Trivium’s analysis centers on our daily, systematic monitoring of the Chinese policy environment. Each day, our analyst teams parse hundreds of sources, ranging from releases of major national policy documents, to reports issued by state-affiliated think tanks, to informal commentary published by obscure but influential policy advisors. We watch state press conferences, follow state, independent, and social media, and keep an eye on the pulse of the domestic conversation. New sources and new voices are added to our monitoring schedule as they emerge.
This daily discipline is the key to our work. Deep, consistent tracking over time gives our analysts a best-in-industry understanding of how China policy is changing and the drivers behind that change. It also positions us to detect small shifts in the tenor of the policy conversation that may indicate big changes to come.
For each of our clients, we select the developments that may impact their operations and discard the rest. We analyze potential impacts, and deliver those insights via regular reporting.
We don’t only analyze what has already happened, we also track the state of China’s policy conversation as debates play out. In practice, that means we systematically collect public commentary by officials, policymakers, legal scholars, top scientists, and other policy advisors whose opinions are known to have weight and influence in the policymaking process. This gives our clients a peek into what China’s top leaders are hearing, and how they are thinking through social, economic, and technological issues, before big decisions are made.
We not only look at major developments and national-level policy initiatives, we also track micro-developments and local-level initiatives. That means our clients can follow the baby-steps leading up to major policy moves and market shifts, see the gaps between national policy and local implementation, and get a birds-eye view on the friction between top-down and bottom-up governance.
Trivium is not a quant shop. We add value by both ensuring our clients never miss an important development, and by illuminating the factors, motivations, and thinking driving Chinese policy. That’s not to say we ignore numbers and statistics – we don’t. But our primary focus is on understanding and communicating what China’s governance apparatus is trying to achieve, how it is trying to get there, what challenges it faces in doing so, and how all of that will impact you.
We operate on the principle that the most advanced technology available today is still the human brain. We do employ some machine-driven tools to assist us in collecting information quickly and efficiently, and we do often experiment with new technologies.

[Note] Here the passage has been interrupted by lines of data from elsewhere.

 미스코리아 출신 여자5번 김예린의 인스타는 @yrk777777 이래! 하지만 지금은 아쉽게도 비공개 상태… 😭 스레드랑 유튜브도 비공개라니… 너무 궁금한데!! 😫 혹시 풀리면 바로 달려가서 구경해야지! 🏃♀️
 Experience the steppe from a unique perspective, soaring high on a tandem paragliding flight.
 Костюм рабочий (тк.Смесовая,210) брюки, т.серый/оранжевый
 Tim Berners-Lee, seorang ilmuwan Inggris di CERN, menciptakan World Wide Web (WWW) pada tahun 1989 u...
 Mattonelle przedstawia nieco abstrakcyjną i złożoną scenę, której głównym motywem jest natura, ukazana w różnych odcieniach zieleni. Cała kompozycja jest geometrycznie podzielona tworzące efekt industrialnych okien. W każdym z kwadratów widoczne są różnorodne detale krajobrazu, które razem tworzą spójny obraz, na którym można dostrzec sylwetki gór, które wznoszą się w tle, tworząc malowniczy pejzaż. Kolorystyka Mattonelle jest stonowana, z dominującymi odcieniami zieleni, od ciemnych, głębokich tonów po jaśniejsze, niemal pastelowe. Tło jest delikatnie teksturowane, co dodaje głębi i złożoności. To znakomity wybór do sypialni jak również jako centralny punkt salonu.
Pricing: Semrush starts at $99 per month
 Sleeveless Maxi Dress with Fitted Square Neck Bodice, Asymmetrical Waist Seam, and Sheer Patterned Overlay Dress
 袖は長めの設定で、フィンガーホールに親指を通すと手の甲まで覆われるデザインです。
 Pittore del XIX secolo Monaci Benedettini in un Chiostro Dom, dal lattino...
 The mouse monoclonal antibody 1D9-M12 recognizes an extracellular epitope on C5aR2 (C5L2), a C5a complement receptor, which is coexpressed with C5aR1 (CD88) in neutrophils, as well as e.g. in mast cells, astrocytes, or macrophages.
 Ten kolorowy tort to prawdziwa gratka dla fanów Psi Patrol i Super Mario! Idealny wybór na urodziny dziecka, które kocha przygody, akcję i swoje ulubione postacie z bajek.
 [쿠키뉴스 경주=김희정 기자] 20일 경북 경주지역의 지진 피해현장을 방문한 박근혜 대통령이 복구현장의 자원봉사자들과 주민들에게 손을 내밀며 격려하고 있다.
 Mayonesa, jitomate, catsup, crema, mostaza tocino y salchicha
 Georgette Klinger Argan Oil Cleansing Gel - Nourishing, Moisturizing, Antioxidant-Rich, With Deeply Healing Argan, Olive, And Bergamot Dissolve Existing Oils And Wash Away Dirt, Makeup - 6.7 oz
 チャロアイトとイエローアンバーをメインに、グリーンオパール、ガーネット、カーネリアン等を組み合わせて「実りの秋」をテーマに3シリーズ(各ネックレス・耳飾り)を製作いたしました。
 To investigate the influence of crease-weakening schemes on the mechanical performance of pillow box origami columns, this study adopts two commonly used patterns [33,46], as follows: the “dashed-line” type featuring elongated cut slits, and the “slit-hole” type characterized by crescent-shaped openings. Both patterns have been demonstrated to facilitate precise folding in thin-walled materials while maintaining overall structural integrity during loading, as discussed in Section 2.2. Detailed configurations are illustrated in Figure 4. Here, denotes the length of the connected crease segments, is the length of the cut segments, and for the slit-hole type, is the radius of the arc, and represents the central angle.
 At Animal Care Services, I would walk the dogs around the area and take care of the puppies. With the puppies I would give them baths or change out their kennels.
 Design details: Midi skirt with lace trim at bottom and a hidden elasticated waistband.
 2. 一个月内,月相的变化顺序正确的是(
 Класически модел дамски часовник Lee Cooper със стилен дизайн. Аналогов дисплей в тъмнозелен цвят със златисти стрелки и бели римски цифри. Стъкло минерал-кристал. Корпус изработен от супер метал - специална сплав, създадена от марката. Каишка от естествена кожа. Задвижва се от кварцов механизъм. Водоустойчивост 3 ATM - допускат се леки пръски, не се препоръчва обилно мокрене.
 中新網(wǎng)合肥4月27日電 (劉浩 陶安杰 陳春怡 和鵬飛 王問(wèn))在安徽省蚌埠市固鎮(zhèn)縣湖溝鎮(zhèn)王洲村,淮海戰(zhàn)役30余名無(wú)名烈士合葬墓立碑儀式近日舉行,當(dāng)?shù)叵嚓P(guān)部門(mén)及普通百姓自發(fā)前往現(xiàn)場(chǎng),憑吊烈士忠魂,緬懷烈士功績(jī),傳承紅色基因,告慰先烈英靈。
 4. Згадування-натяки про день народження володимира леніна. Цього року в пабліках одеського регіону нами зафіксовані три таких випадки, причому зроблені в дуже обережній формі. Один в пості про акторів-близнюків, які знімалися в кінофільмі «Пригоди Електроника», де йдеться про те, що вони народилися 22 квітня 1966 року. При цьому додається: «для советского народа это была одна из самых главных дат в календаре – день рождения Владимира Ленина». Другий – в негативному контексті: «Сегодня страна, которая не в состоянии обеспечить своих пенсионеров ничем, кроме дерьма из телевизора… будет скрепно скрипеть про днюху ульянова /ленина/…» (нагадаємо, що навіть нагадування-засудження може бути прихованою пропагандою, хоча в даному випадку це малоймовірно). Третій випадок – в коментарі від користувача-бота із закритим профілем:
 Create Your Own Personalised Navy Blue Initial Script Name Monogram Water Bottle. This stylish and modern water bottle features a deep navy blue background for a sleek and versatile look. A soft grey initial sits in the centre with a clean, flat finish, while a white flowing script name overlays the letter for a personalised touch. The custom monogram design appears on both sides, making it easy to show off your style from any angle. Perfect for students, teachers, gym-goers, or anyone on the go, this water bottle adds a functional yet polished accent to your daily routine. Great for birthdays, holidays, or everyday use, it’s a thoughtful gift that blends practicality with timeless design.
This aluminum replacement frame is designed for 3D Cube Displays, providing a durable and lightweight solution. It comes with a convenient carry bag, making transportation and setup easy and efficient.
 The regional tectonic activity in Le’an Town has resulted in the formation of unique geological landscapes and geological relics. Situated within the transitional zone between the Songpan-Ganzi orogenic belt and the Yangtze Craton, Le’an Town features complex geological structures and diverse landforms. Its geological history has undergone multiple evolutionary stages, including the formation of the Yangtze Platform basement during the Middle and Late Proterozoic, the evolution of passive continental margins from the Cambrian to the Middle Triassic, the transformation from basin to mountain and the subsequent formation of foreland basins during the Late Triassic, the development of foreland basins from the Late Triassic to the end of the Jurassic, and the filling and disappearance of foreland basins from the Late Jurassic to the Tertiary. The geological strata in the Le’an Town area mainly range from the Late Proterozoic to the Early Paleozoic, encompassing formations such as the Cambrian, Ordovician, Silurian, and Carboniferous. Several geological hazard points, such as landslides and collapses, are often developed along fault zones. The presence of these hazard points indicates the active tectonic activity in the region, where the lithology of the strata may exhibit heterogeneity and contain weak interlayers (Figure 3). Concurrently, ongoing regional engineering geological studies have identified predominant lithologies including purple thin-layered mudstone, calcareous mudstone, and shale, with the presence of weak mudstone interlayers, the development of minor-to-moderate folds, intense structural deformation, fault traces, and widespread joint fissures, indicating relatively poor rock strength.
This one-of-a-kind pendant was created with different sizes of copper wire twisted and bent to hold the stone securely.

But we believe that, when it comes to qualitative analysis, AI-driven tools have not yet advanced to the point that they can consistently and reliably synthesize better insights than – or supplant the experience and observations of – human beings. One day that will change, and so will we. But until it does, we will rely on a human-centered approach to policy analysis, an approach that focuses on discipline, experience, and a thirst for knowledge.
We collect only open-source, publicly available data, with no reliance on insider or material nonpublic information.